Tusla Investigations. Powers and Procedures. The Law.
Tusla, otherwise known as The Child and Family Agency, was established in January 2014 under the provisions of the Child and Family Agency Act 2013.
Section 3 of the Child Care Act 1991, as amended by the Child and Family Agency Act 2013, confers upon Tusla an overriding duty to promote the welfare of all children within the state who are not receiving adequate care and protection. For the purposes of the Act, the definition of a child is a person under 18 years of age. This duty has been interpreted quite broadly by the Courts and has been held to arise in situations as varied as preventing individuals from partaking in a childcare course if they are deemed unsuitable to work with children,1 and even blocking private adoptions.2
Tusla Investigations and Powers
Tusla embark on investigations in several circumstances.
The most common cause for investigation is in cases where it is alleged a child is experiencing abuse and the alleged abuser is a parent, carer, sibling or relative of the child. Tusla also begin investigations where it is alleged that a child is being abused by somebody outside of their family. Finally, Tusla frequently investigate allegations of a historical nature, where the victim is now an adult, and the alleged abuser is now in contact with children.
Tusla’s procedures for assessing a reported case of abuse and for testing the truth of allegations is set out in a document titled Policy and Procedure for Reponding to Allegations of Abuse and Neglect. The document is yet to be made available to the general public.
The Child Care Act 1991, as amended by the Children Act 2001 and the Child and Family Agency Act 2013, provides Tusla with a variety of tools to carry out their duties, some of which are quite significant. For example, Tusla may apply to the courts for a number of different orders that involve the child in question being taken into care by Tusla.
1 MQ v Eastern Health Board  4 IR 85
2 Eastern Health Board v E (No. 1)  1 IR 43
There are several categories of order utilised by Tusla in carrying out their duties.
Supervision orders do not involve children being taken into the care of Tusla.

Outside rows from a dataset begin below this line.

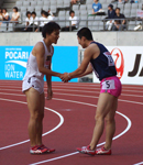 (写真:100分の1秒差の紫村<左>と木村) 400メートルでは、ニューヒロインが出現した。前日の予選で高校新記録を叩き出し、全体1位で通過した杉浦である。この日の決勝は、順位を意識せず、「今持ってる力を出し切ろう」と無欲で臨んだ。最終コーナーを前にトップに立つと、その余勢を駆って、オリンピック出場経験のある千葉麻美、青木沙弥佳(ともに東邦銀行)から逃げ切った。予選を上回る52秒52は、日本ジュニア新記録で日本歴代2位だ。「これだけいい記録が出ると、まわりから期待されてしまう。自分は自分だという気持ちで、上に行きたい」。この日が、18歳の誕生日の杉浦が、自らの勝利で祝った。スーパー高校生の今後が楽しみである。
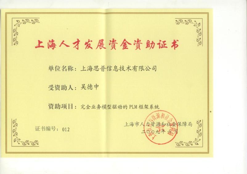 2009-06-16 思普荣誉 上海人才发展资金资助
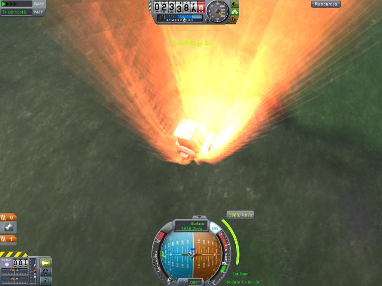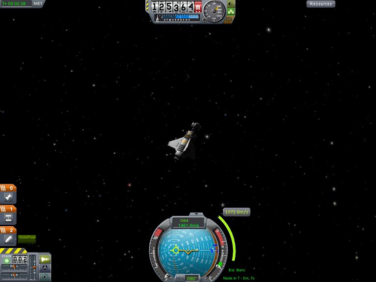 Ładunek jest wyjątkowo lekki, więc maszynę zaopatrzyłem jedynie w dwa człony i maleńki napęd samego satelity. Pierwszy zbiornik paliwa został odrzucony już na wysokości 5 km, ale przy drugiej próbie rakieta zdołała wyjść na odpowiednią wysokość.
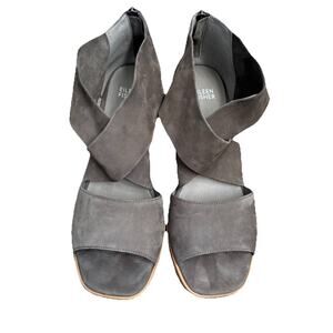 Eileen Fisher Ann Tumbled Nubuck Sandals Brown Heel Strappy 9 Ankle Zipper $245
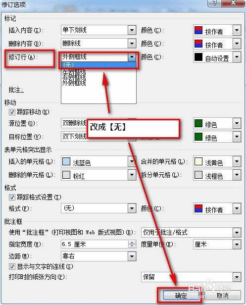 将【修订行】出的下拉菜单改成【无】,确定即可。
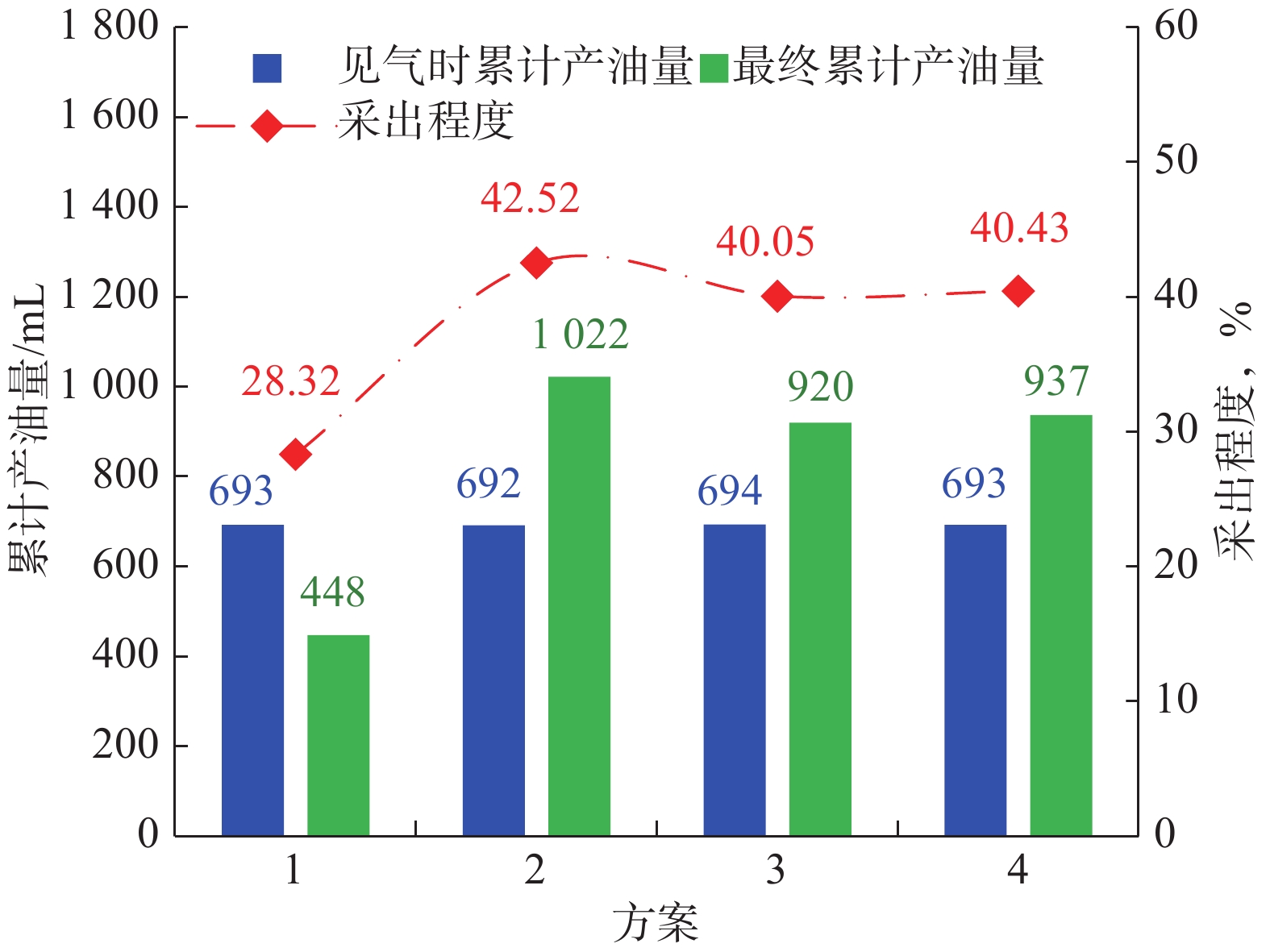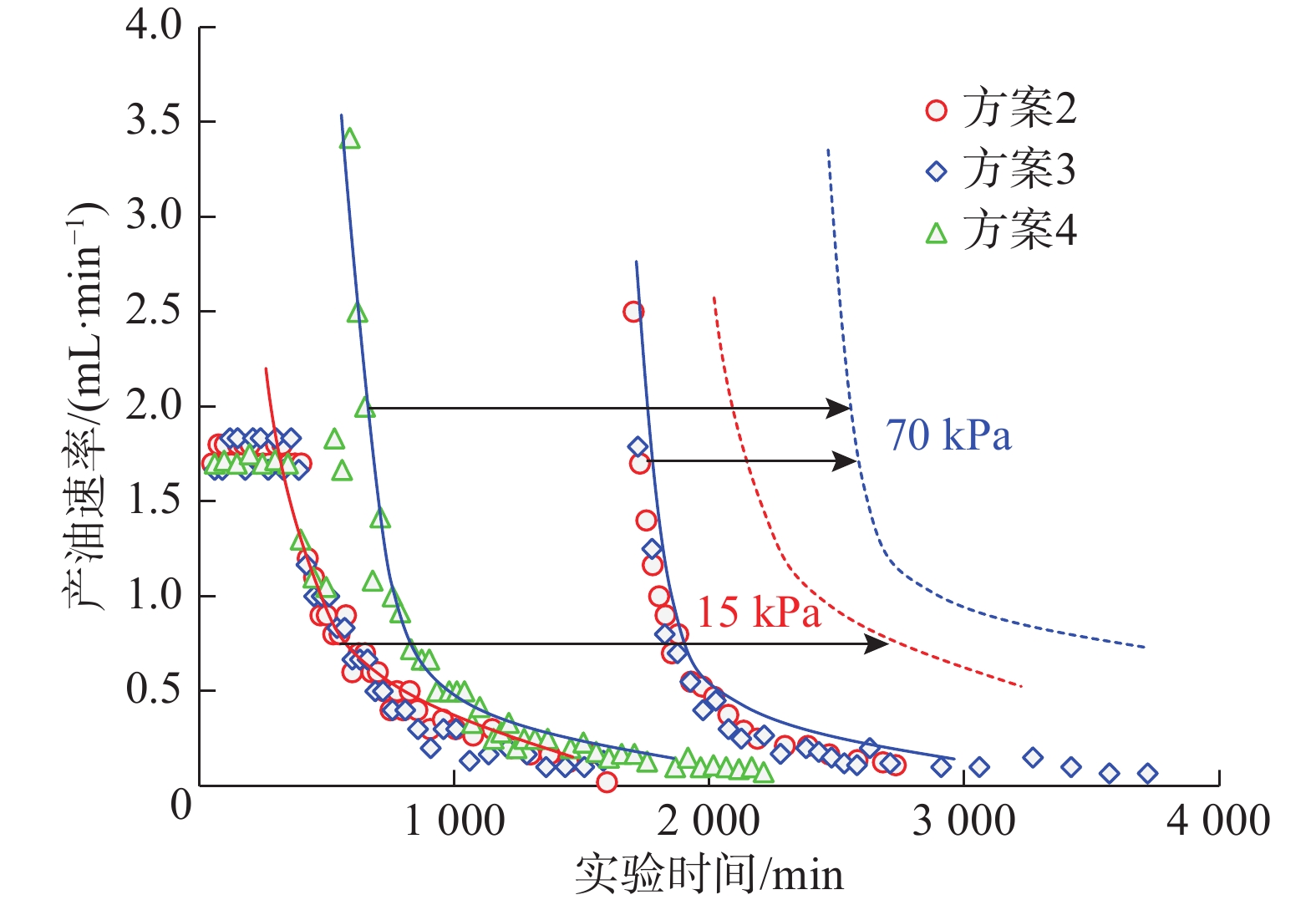 To better understand the influence of draw-down pressure control strategy on the development result of gas-cap/edge water narrow oil rim, and to improve the recovery percentage of such reservoirs, a large-scale three-dimensional physical model was designed by taking an offshore gas-cap/edge water narrow oil rim as the prototype on the basis of similarity criteria. Production experiments on the different adjustment timing and adjustment modes of horizontal well draw-down pressure were conducted, and the influence of those adjustments on the development results of gas- cap/edge water narrow oil rim was analyzed. The results showed that the draw-down pressure increased after gas channeling in the horizontal wells, and the recovery percentage increased from 28.32% to about 40.00%. When gas channeling lasts for a period of time, the recovery percentage from draw-down pressure increase was better than that when gas channeling occurs instantly, and the recovery percentage can increase by 2.09%; In addition, the development result from draw-down pressure increase in single step mode is better than that in multi-step mode, and the recovery percent can increase by 2.47%. The research results showed that draw-down pressure increase in single step after gas channeling lasts for a period of time is the best strategy to improve the recovery percentage of this type of reservoir. This pressure draw-down adjustment strategy has been applied in an offshore gas-cap/edge water narrow oil rim, and oil production increase is remarkable.
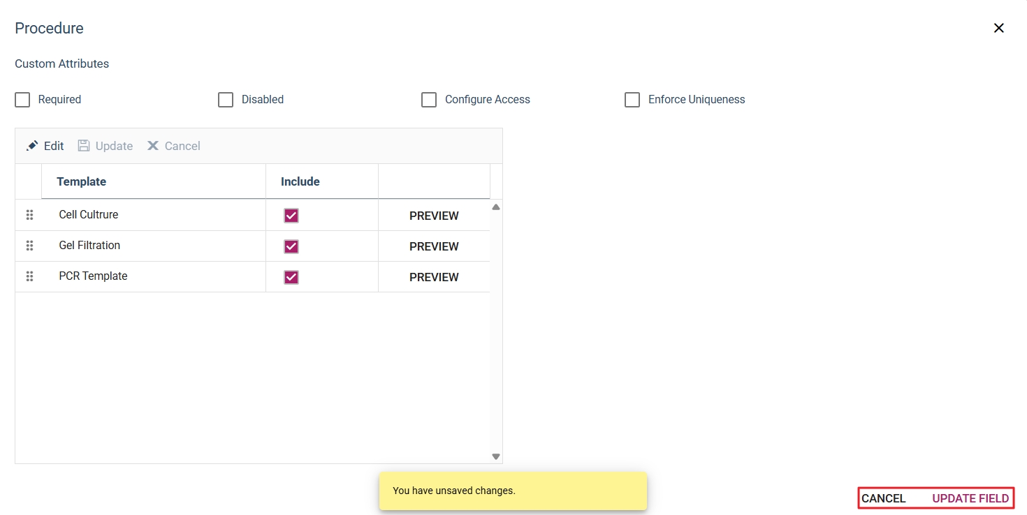 - After all custom templates are added, press the “UPDATE FIELD” to save the change to the field. If you don’t want to save any changes, press “CANCEL”.
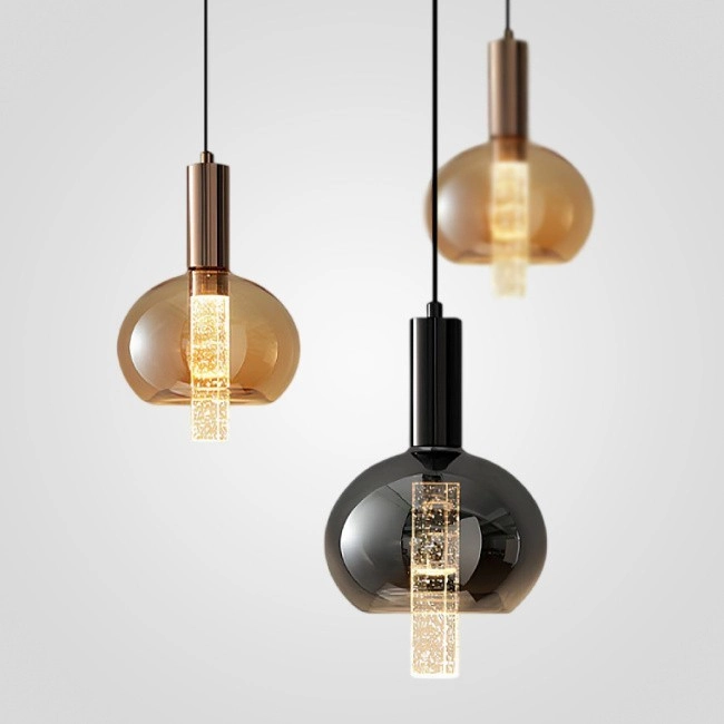 Готовая комбинация подвесных светильников с цилиндрическими плафонами из кракелированного стекла в металлических держателях

Instead, a supervision order gives Tusla the power to visit and monitor welfare of the child and to give the parents any necessary advice. The order is for a fixed period up to a maximum of 12 months but may be renewed. In some circumstances such orders are an interim measure used by Tusla while they seek a care order. In addition, the courts may grant a supervision order where they believe a care order would be too heavy-handed or inappropriate.
Tusla apply for a care order if they believe a child needs care that they will not receive without an order. If the application for a care order is granted in the District Court, the child is placed in the care of Tusla for 28 days. It may be extended if Tusla and the parents reach an agreement. The parents of the child must be given notice of an interim care order application. Furthermore, a care order will generally only be made when the court is satisfied that the child has been or is likely to be, assaulted, neglected or abused and the child needs care or protection which they will not receive without the order being made.
Special Care Orders
This type of order usually arises where a child poses a significant danger to their own safety and welfare. Tusla must convene a family welfare conference before applying to the court for a Special Care Order. In the application, the court must be satisfied that the child’s behaviour poses a real and substantial risk to their health, safety, development or welfare and that they need special care that they will not receive if an order is not made.
A special care order commits a child to Tusla’s care for as its entire duration. It also gives Tusla permission to provide appropriate care, education and treatment and, for that purpose, to detain the child in a special care unit. A special care order is initially for a period of between 3 and 6 months, but it may be extended.
Emergency Care Orders
Tusla can apply for an emergency care order for a child who is still at home or for a child who has been removed from their home by the Gardaí. Tusla can apply for this order without giving notice to the parents or guardians of the child as it is only used in situations of immense urgency. The order will be granted if the judge believes that there is an immediate and serious risk to the health or welfare of the child. The child is then required to be placed in the care of Tusla and must remain in the care of Tusla for a maximum of 8 days.
If the Gardaí have reason to believe that there is an immediate and serious risk to the health or welfare of a child which is too urgent to wait for an emergency care order to be made, they have the power to enter the home and remove a child to safety. The child must be given into the care of Tusla as soon as possible. At this point, Tusla can apply for the emergency care order.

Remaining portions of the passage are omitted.